**DATA UNDER STUDY**
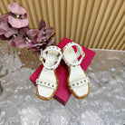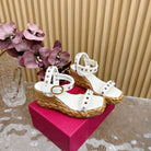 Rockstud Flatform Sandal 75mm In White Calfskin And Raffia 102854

...

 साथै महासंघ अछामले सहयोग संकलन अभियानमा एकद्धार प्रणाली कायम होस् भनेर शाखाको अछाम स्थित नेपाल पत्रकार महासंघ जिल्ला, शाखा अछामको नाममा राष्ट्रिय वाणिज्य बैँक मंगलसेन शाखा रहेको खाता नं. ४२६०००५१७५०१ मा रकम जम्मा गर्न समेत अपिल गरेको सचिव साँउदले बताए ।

--

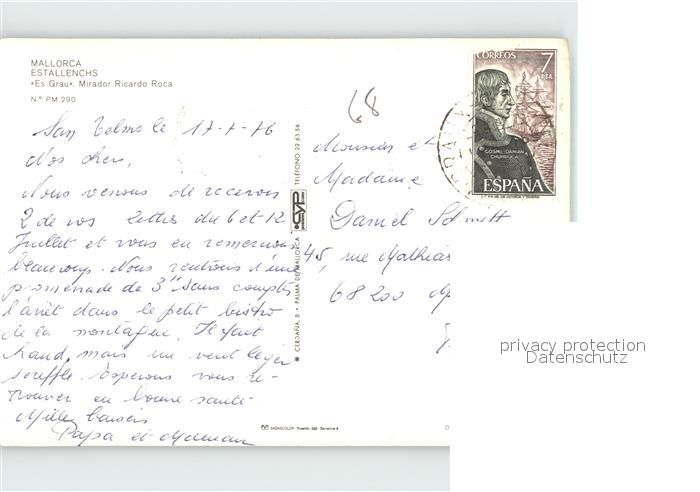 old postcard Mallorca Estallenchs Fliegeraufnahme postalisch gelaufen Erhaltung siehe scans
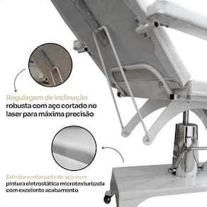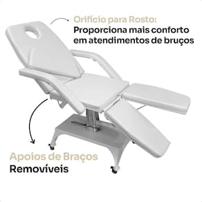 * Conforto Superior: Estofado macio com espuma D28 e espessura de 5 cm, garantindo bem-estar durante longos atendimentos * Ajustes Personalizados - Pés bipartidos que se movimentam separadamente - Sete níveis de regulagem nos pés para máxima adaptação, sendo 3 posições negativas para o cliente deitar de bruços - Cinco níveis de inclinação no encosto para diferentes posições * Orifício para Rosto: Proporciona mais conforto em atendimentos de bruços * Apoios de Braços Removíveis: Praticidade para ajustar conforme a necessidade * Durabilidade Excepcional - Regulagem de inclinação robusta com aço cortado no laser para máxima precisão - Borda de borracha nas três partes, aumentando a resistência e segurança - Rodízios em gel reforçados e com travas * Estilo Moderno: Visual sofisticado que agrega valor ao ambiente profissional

**TASK BRIEF**
In the data above, find the line containing "old postcard Mallorca" and the line containing "ao ambiente profissional". Repeat those two lines and everything between them exactly, minus the pictures.

**SOLVED EXERCISE**
 old postcard Mallorca Estallenchs Fliegeraufnahme postalisch gelaufen Erhaltung siehe scans
 * Conforto Superior: Estofado macio com espuma D28 e espessura de 5 cm, garantindo bem-estar durante longos atendimentos * Ajustes Personalizados - Pés bipartidos que se movimentam separadamente - Sete níveis de regulagem nos pés para máxima adaptação, sendo 3 posições negativas para o cliente deitar de bruços - Cinco níveis de inclinação no encosto para diferentes posições * Orifício para Rosto: Proporciona mais conforto em atendimentos de bruços * Apoios de Braços Removíveis: Praticidade para ajustar conforme a necessidade * Durabilidade Excepcional - Regulagem de inclinação robusta com aço cortado no laser para máxima precisão - Borda de borracha nas três partes, aumentando a resistência e segurança - Rodízios em gel reforçados e com travas * Estilo Moderno: Visual sofisticado que agrega valor ao ambiente profissional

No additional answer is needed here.